Sen. Rand Paul is now a disciple of the anti-voter ID movement, after the black pastors he met with on Friday showed him the way and the truth about measures that tend to decrease minority voter turnout. After meeting with the pastors, Paul shared the good news with Jeremy W. Peters of The New York Times: the GOP needs to "lay off" the whole voter ID laws thing, according to Peters. "It's offending people," Paul said. (Update: Paul's team released a statement "clarifying" his stance.)

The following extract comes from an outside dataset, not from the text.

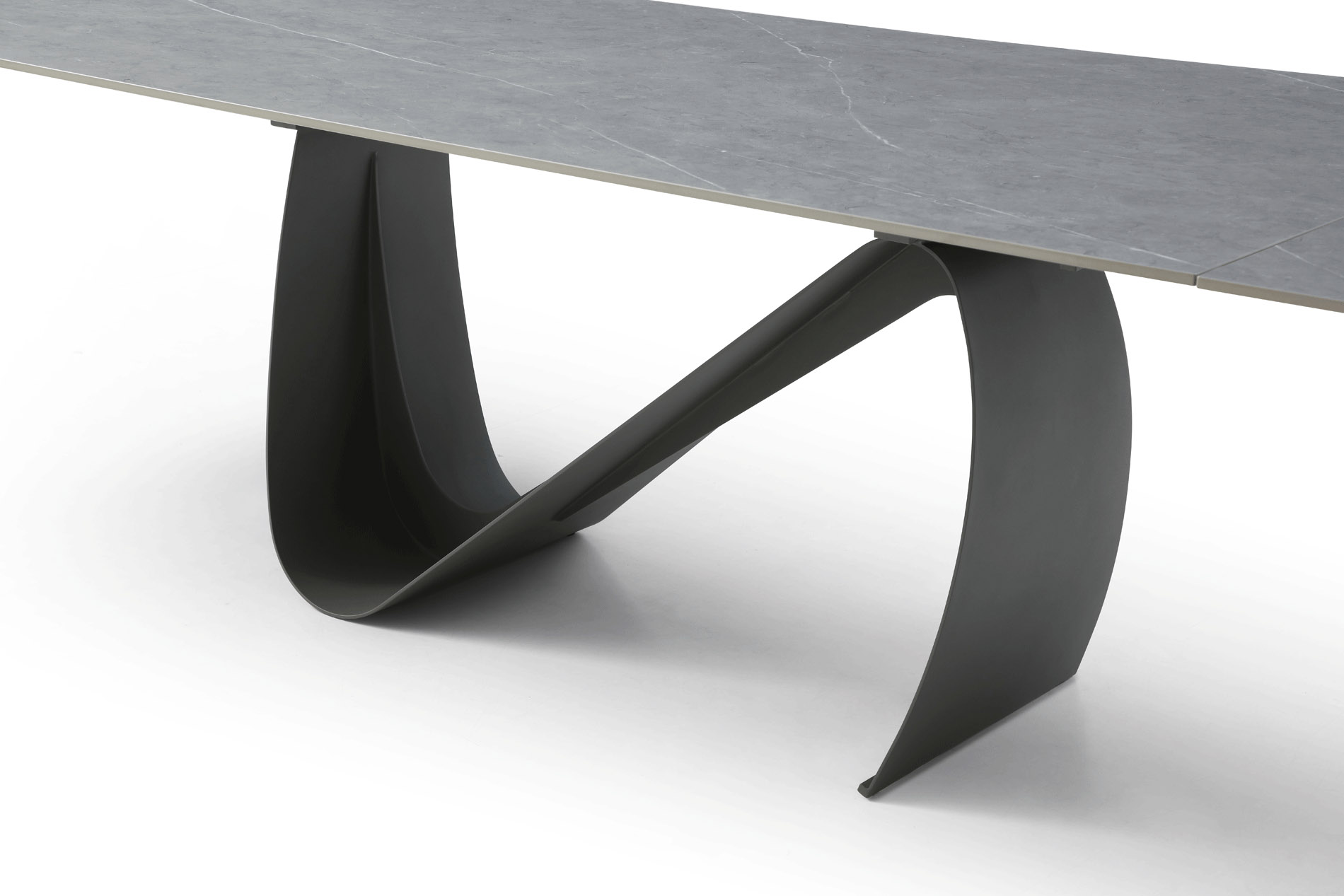 The ceramic tabletop is chemical resistant, fireproof, UV, and heat resistant

This isn't the first time Paul has met with black pastors — it's just one element of his ongoing attempt to be the face of (successful) GOP outreach to black and Hispanic voters. And this also isn't the first time he's come out against the restrictive voter fraud laws in red states that disproportionately affect black voters (who are more likely to vote for Democrats). Last month, during a conversation with David Axelrod, a former advisor of President Obama, Paul said he was against the restrictions on early voting passed in Ohio and Wisconsin, according to The Huffington Post. Paul has also come out in favor of restoring voting rights to ex-felons

During last month's conversation, however, he didn't come out against ID laws. "Dead people do still vote in some elections. There is still some fraud. And so we should stop that, and one way of doing it is (driver's licenses)," he said at the time. The problem is, when a political party that has a reputation for pushing policies that work against minorities, people will get offended. Thank God someone finally told Paul. 

(Update Tuesday: Paul's campaign released a statement from his senior advisor, Doug Stafford:

Senator Paul was having a larger discussion about criminal justice reform and restoration of voting rights, two issues he has been speaking about around the country and pushing for in state and federal legislation.  In the course of that discussion, he reiterated a point he has made before that while there may be some instances of voter fraud, it should not be a defining issue of the Republican Party, as it is an issue that is perhaps perceived in a way it is not intended. In terms of the specifics of voter ID laws, Senator Paul believes it's up to each state to decide that type of issue.)